Desweiteren ist doch die Projektgruppe ausschließlich aus dem Grund ins Leben gerufen worden, um gerade die konzeptionellen Vorschläge und Gedanken von Freiheit e.V. in das Gesamtkonzept einzubinden und damit den Teil, der die Haftbedingungen und persönlichen Schicksale wiedergeben soll, authentisch und vorrangig von den Opfern selbst entscheidend mitgestalten zu lassen. Auch an dieser Stelle gab es bereits Einigkeit und wir können weder innerhalb der AG Konzept noch bei der Stiftung oder beim Kultusministerium Abweichungen davon feststellen. Wir zitieren erneut:

"Der als Gedenk- und Bildungsstätte Andreasstraße Erfurt vorgesehene Westflügel soll folgende Gestaltung erhalten:

-          Die zu erheblichen Teilen original erhalten gebliebene Haftetage im 2. OG des Westflügels erfordert deren Erhaltung und eine sensible und zurückhaltende Gestaltung zum Ort des  Gedenkens an die Opfer der Diktatur, ergänzt mit dem Hinweis auf die Nutzung als Lager zur Erhaltung von MfS-Akten. 
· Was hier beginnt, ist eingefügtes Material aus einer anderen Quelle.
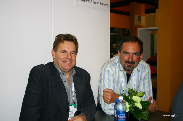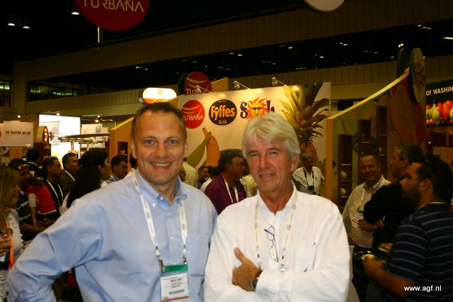 Wolter van der Kooij en Koen Bos van Fyffes. De avond ervoor hadden ze het 40 jarig jubileum van Turbana uitbundig gevierd.
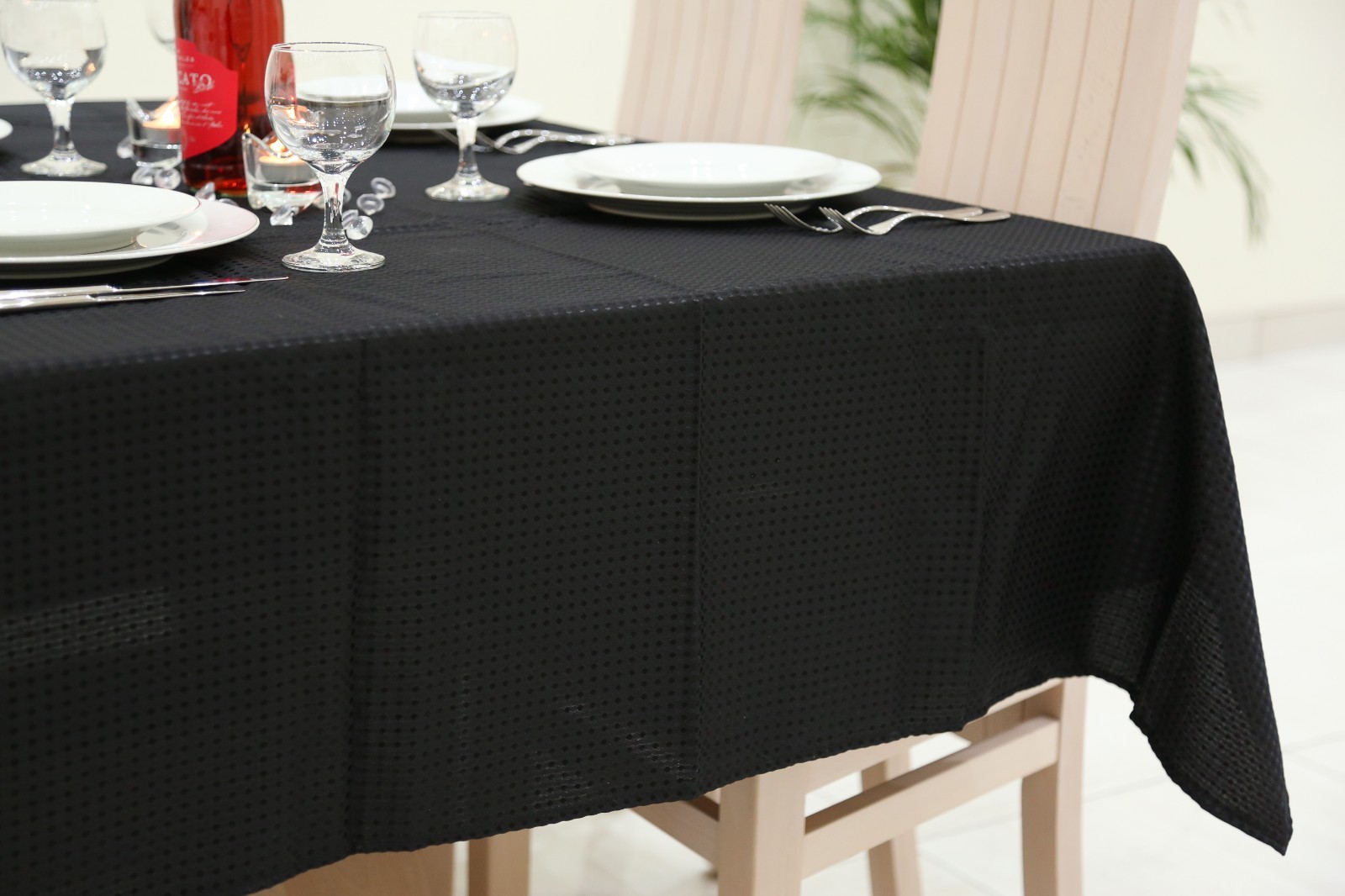 Black On Black Polka Dots Tablecloth Machine Wash Table Cloth 180cm x 130cm (6ft

-          Im 1. Obergeschoss soll durch eine Dauerausstellung zur Diktatur in der SBZ und der DDR die Aspekte von Haft, der Auseinandersetzung mit der Diktatur, deren Überwindung in der friedlichen Revolution und den Folgerungen für freiheitliche Demokratie und ziviles Engagement informiert und zur weiteren Auseinandersetzung angeregt werden.
Dabei zwingt die Fülle der Themen zu einer strengen Auswahl in der Dauerausstellung, ohne aber die Breite der Thematik zu vernachlässigen.

-          Zugleich erfordert diese Fülle die laufende Erarbeitung bzw. Einbeziehung von Sonder- und Wanderausstellungen in den anderen Bereichen sowie Möglichkeiten, sich weitere Materialien – im Bildungsbereich - zu erschließen."

Uns ist völlig unverständlich, wie es möglich ist, den nunmehr langjährigen Prozeß der Bemühungen aller Beteiligten um Gemeinsamkeit in der konzeptionellen Gestaltung der Bildungs- und Gedenkstätte Andreasstraße trotz langer Aussprachen und Diskussionen in Arbeits- und Projektgruppen und dem Beirat so gründlich anders zu interpretieren, als die Mehrheit der Beteiligten und die bereits erzielte Einigkeit derart zu ignorieren.

Gesellschaft für Zeitgeschichte e.V.

 

(* In seiner Antwort vom 17. 1. 2011 stellte Herr Maser fest, "daß diese leider wahrheitswidrig ist, also nicht den Tatsachen entspricht! In einem bestimmten Gesprächszusammenhang in der Projektgruppe äußerte ich, daß es keine ausschließliche Haftgedenkstätte Andreasstraße nach der Mehrheitsmeinung in der AG Andreasstraße geben soll. Das ist etwas ganz anderes, als Sie, der Sie nicht Mitglied der Projektgruppe sind und nicht an dem Gespräch am 11.1.11 teilgenommen haben, behaupten. Insofern stellt Ihre eMail den groben Versuch einer Irreführung der Gremienmitglieder und der Thüringischen Landesregierung dar, den ich entschieden zurückweise."

Am 21. 1. bekräftigt Herr Heise seine Position in einem Schreiben an Staatssekretär Deufel : "Sie verweigern sich dem Historiker-Zeitzeugen-Konzept und haben damit die Grundlage für die weitere Mitarbeit des Vereins entzogen und wie schon mitgeteilt, die "Vereinbarung auf Mitwirkung ..." außer Kraft gesetzt."